• _Directions for this task_
Once the line with "Op de marktplattegrond" is found, write it out along with every line after it, exactly, up to the last line of the entries below. Exclude pictures.

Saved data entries
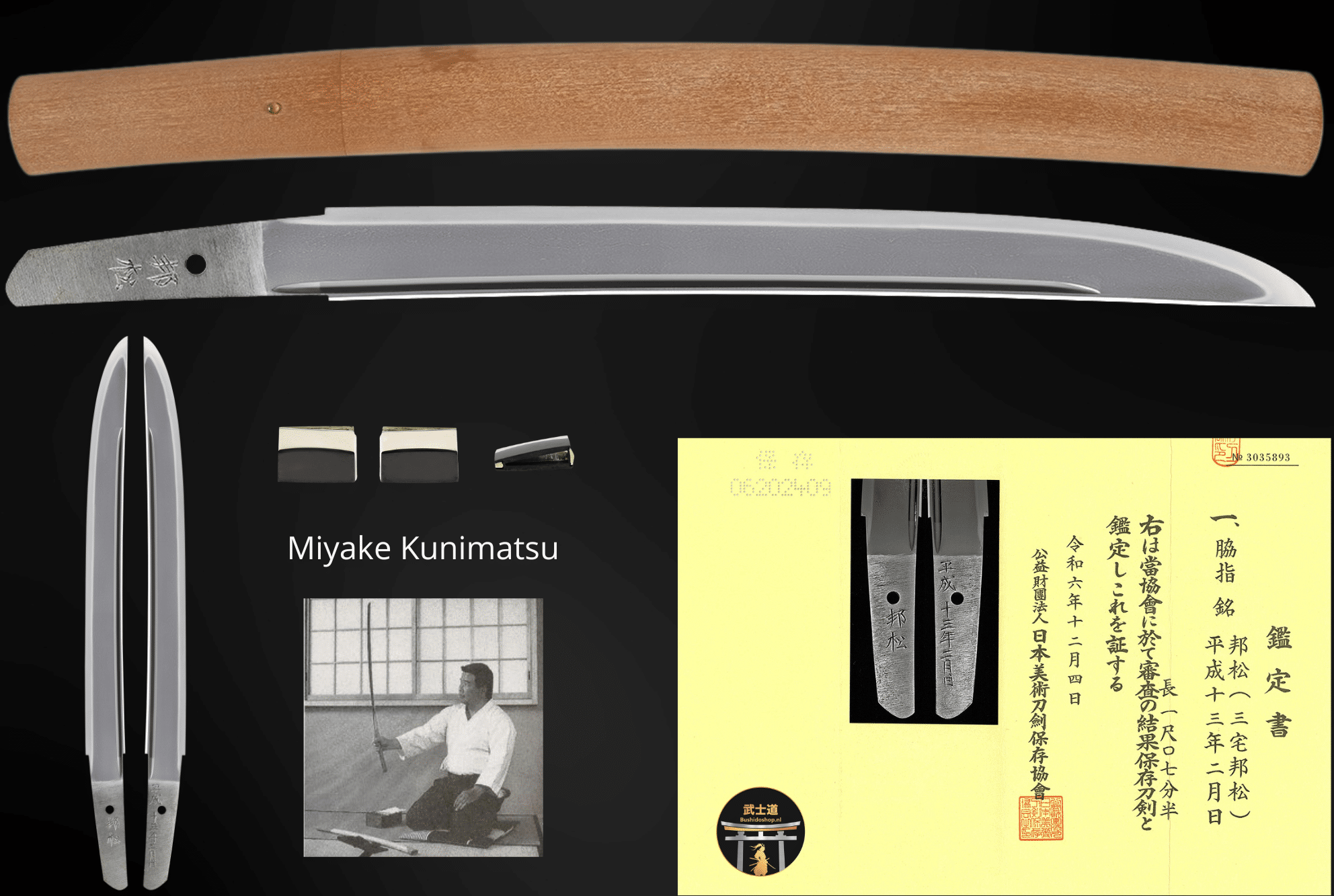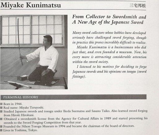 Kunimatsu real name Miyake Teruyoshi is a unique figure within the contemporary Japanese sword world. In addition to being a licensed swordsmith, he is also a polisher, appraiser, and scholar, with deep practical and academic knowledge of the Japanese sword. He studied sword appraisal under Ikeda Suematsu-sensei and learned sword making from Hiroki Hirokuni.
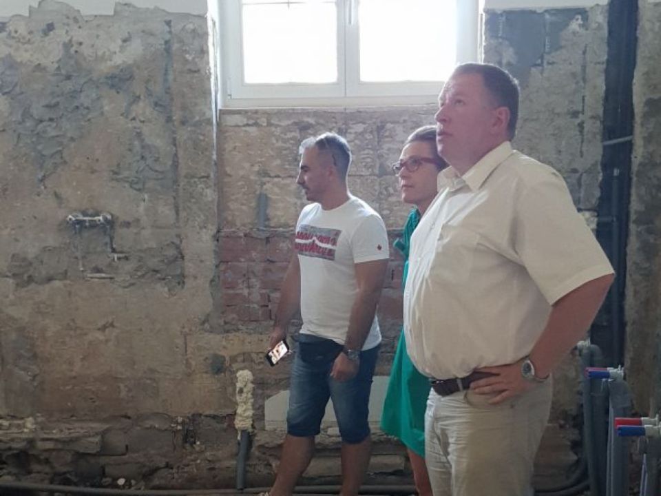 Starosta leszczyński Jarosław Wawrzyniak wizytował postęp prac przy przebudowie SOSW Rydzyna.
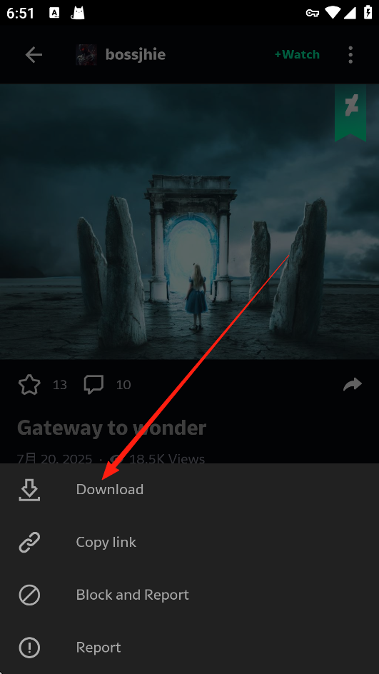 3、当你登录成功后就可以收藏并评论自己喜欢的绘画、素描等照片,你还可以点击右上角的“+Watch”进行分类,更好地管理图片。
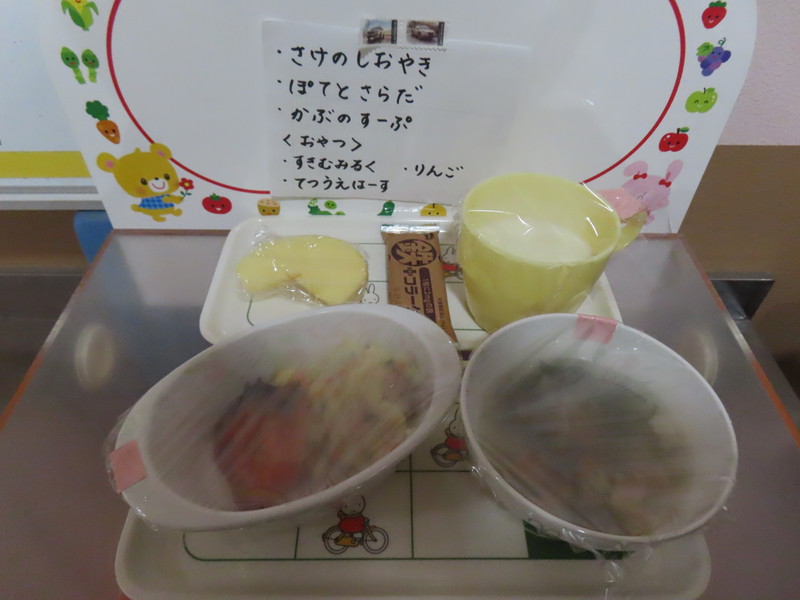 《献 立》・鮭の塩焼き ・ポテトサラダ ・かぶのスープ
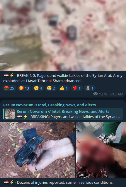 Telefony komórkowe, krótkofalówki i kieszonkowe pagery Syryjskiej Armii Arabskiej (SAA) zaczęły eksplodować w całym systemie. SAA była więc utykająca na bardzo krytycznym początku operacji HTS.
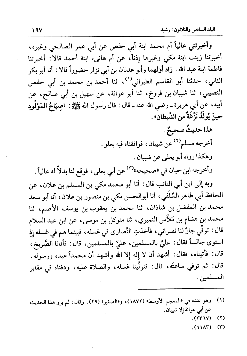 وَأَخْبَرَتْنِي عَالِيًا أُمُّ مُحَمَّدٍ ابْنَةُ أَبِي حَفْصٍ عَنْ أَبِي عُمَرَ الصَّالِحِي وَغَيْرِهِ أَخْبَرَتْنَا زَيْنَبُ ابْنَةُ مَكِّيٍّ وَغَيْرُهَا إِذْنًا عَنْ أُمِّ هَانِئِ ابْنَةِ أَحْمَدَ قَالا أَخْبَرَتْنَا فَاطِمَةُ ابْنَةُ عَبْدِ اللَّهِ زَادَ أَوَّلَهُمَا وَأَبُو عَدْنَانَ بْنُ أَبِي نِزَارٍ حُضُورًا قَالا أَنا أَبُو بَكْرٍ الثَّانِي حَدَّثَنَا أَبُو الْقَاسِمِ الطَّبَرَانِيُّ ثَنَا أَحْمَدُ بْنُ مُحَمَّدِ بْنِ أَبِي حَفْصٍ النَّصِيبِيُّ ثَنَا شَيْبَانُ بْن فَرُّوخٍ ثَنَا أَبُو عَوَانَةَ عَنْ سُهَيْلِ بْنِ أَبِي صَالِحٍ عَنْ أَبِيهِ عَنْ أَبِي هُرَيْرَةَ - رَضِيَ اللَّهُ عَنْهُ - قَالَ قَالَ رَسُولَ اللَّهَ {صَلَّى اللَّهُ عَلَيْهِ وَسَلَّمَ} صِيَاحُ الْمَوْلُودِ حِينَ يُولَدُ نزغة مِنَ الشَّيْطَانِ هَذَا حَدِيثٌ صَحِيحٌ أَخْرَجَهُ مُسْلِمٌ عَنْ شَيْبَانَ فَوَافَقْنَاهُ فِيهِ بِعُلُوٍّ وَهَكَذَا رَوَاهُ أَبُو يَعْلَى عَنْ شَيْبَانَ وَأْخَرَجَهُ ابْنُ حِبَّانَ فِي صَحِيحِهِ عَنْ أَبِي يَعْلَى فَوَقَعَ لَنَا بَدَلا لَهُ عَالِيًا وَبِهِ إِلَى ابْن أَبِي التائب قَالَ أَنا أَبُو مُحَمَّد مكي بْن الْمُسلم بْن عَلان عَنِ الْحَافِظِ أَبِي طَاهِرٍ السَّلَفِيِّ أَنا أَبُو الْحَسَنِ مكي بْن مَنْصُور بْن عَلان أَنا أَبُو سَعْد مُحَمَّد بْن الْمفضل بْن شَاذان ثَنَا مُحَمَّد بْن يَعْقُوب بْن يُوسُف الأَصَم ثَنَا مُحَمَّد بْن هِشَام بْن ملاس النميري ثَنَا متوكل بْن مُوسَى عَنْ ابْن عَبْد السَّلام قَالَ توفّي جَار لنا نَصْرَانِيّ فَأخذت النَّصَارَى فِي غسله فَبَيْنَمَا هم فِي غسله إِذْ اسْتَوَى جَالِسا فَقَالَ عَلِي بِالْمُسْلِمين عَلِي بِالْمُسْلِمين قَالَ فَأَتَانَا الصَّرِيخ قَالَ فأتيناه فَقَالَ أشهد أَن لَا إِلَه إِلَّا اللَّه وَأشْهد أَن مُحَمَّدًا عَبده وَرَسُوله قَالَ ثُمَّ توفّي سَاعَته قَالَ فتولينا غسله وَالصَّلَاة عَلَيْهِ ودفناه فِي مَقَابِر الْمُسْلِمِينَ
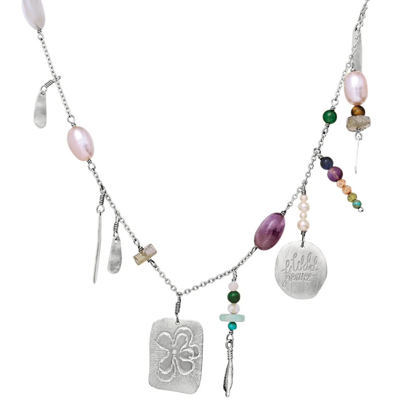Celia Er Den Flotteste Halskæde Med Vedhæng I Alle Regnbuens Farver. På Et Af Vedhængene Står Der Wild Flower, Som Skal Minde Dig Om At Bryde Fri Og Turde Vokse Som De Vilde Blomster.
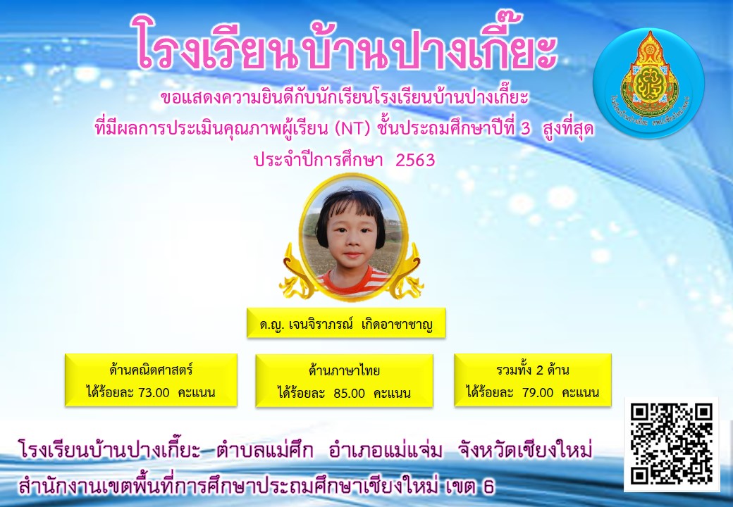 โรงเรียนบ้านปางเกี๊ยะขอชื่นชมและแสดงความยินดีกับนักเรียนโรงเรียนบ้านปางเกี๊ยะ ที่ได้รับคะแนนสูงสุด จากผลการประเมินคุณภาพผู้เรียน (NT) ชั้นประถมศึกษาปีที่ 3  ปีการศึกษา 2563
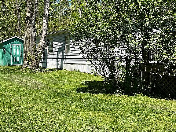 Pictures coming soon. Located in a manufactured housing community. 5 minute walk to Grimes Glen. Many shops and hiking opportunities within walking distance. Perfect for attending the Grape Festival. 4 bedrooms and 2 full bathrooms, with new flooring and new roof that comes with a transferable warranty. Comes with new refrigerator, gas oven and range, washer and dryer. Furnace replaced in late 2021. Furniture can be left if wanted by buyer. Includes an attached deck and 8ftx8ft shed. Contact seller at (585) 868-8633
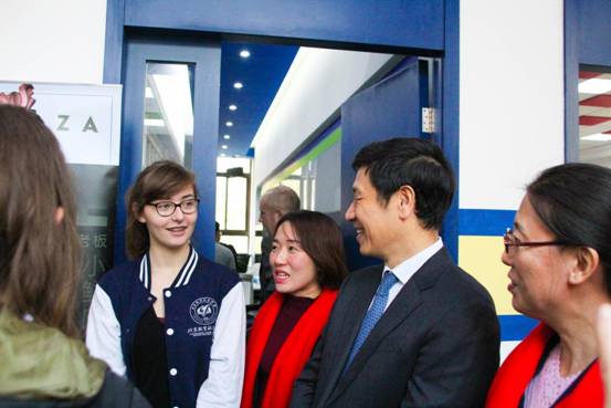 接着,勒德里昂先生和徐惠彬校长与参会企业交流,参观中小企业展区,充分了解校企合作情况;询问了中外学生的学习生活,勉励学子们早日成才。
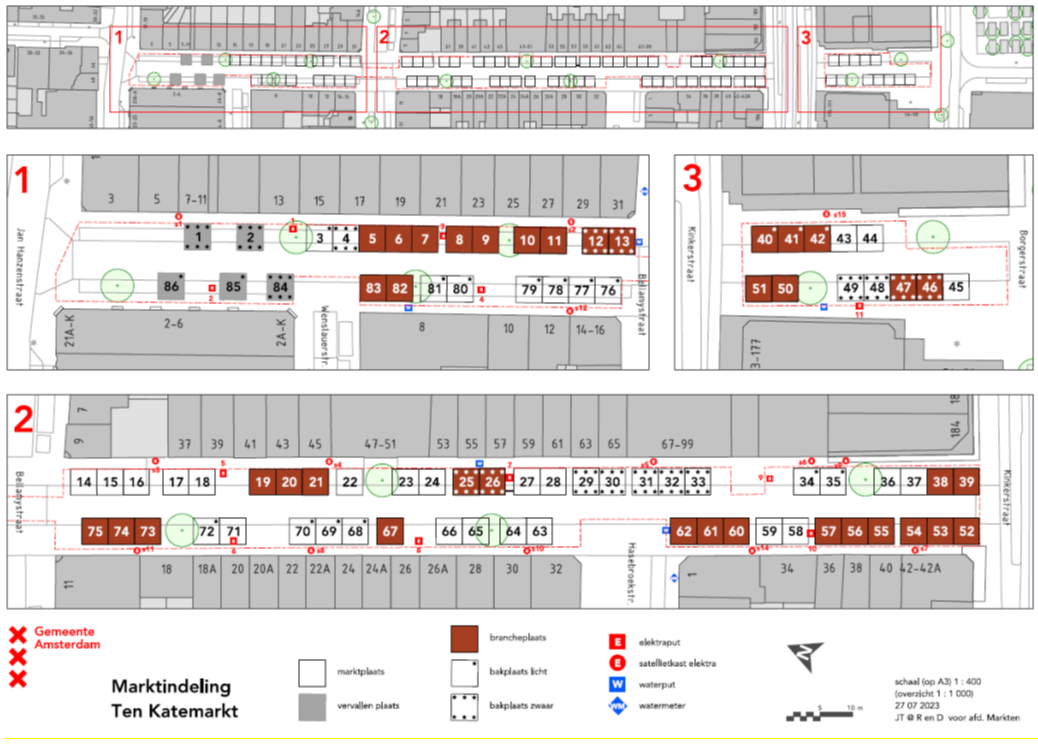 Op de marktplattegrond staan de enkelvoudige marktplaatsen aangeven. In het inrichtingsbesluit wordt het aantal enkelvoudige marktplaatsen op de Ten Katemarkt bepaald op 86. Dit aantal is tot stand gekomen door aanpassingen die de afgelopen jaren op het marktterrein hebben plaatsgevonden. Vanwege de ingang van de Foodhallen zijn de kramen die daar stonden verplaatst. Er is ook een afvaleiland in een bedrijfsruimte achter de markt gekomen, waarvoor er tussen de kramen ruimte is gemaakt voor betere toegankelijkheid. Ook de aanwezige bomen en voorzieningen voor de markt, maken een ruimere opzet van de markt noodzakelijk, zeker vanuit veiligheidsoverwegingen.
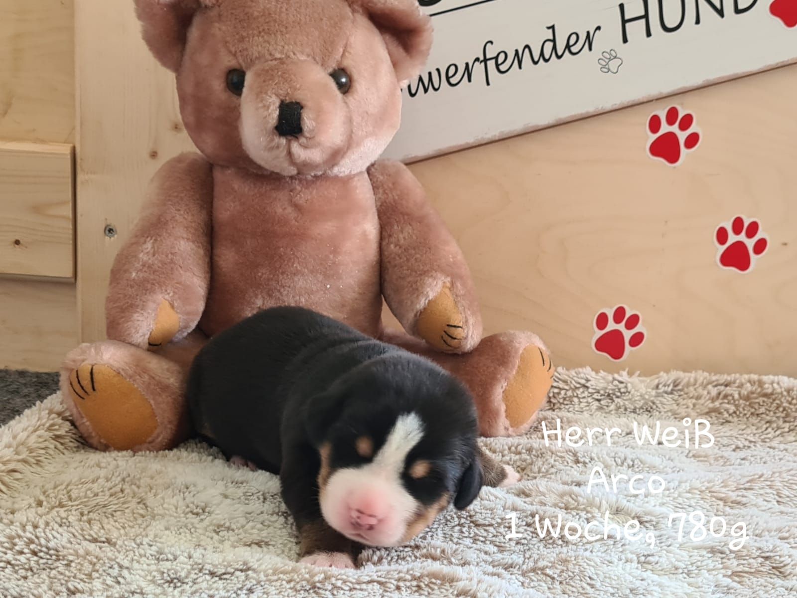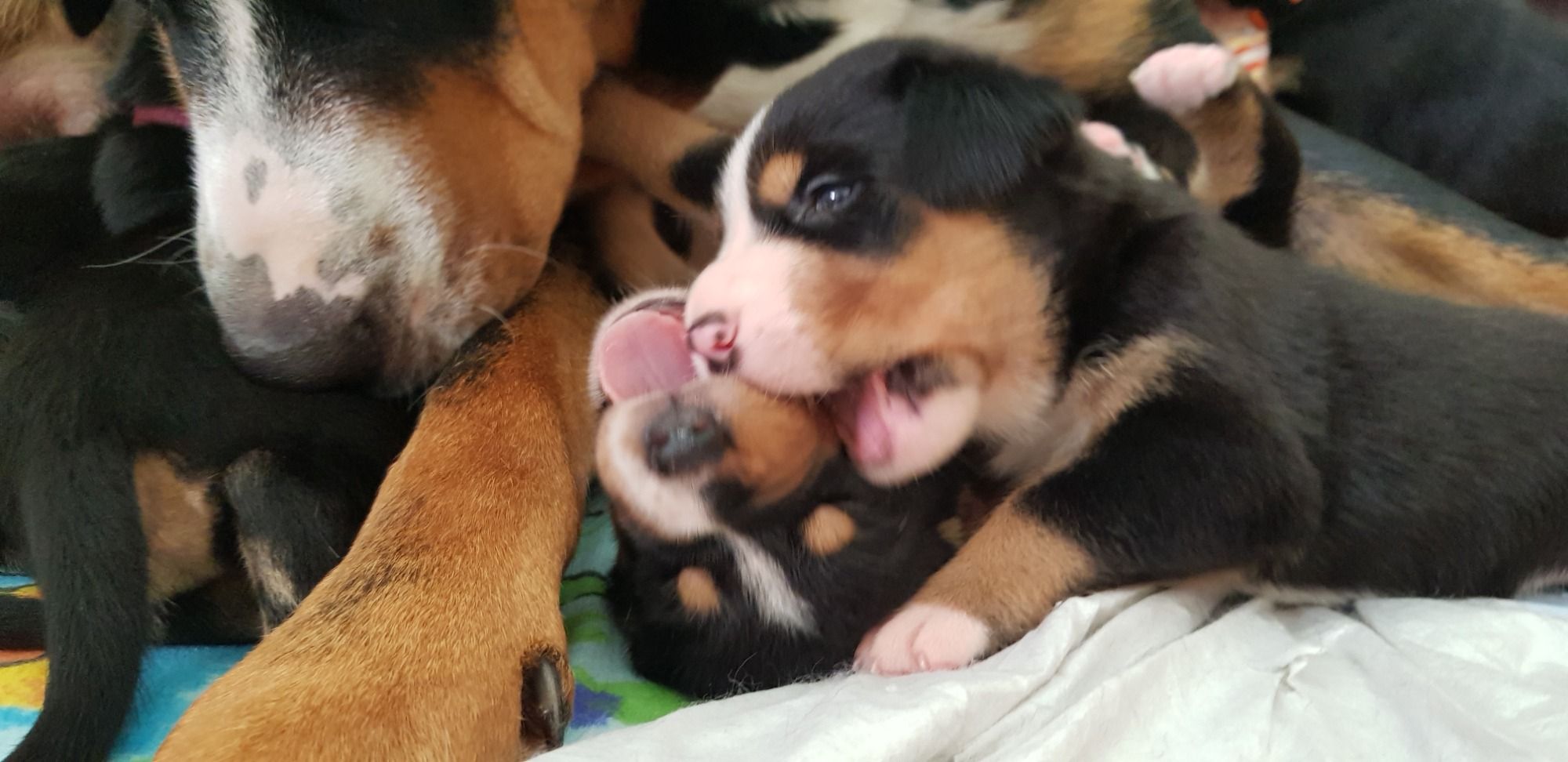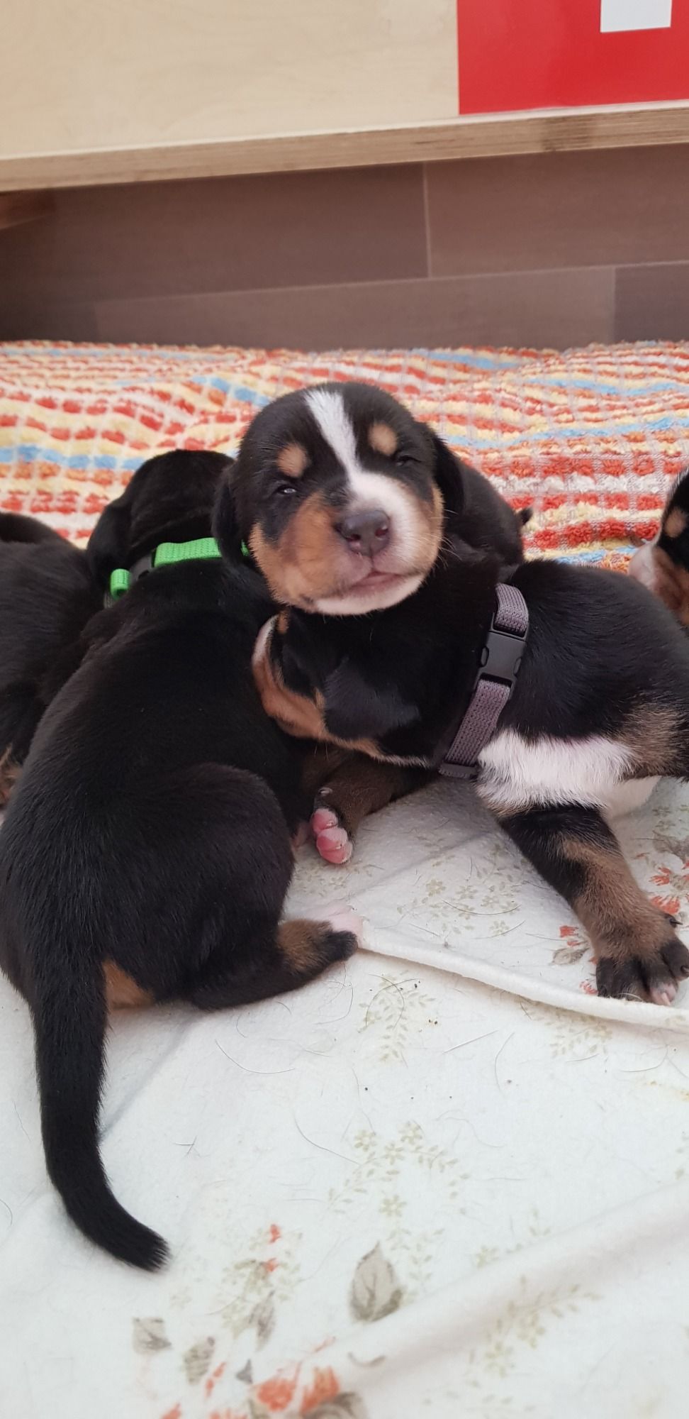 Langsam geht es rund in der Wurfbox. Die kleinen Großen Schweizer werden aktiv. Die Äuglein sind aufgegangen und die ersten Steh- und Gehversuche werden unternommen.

• _Output_
 Op de marktplattegrond staan de enkelvoudige marktplaatsen aangeven. In het inrichtingsbesluit wordt het aantal enkelvoudige marktplaatsen op de Ten Katemarkt bepaald op 86. Dit aantal is tot stand gekomen door aanpassingen die de afgelopen jaren op het marktterrein hebben plaatsgevonden. Vanwege de ingang van de Foodhallen zijn de kramen die daar stonden verplaatst. Er is ook een afvaleiland in een bedrijfsruimte achter de markt gekomen, waarvoor er tussen de kramen ruimte is gemaakt voor betere toegankelijkheid. Ook de aanwezige bomen en voorzieningen voor de markt, maken een ruimere opzet van de markt noodzakelijk, zeker vanuit veiligheidsoverwegingen.
 Langsam geht es rund in der Wurfbox. Die kleinen Großen Schweizer werden aktiv. Die Äuglein sind aufgegangen und die ersten Steh- und Gehversuche werden unternommen.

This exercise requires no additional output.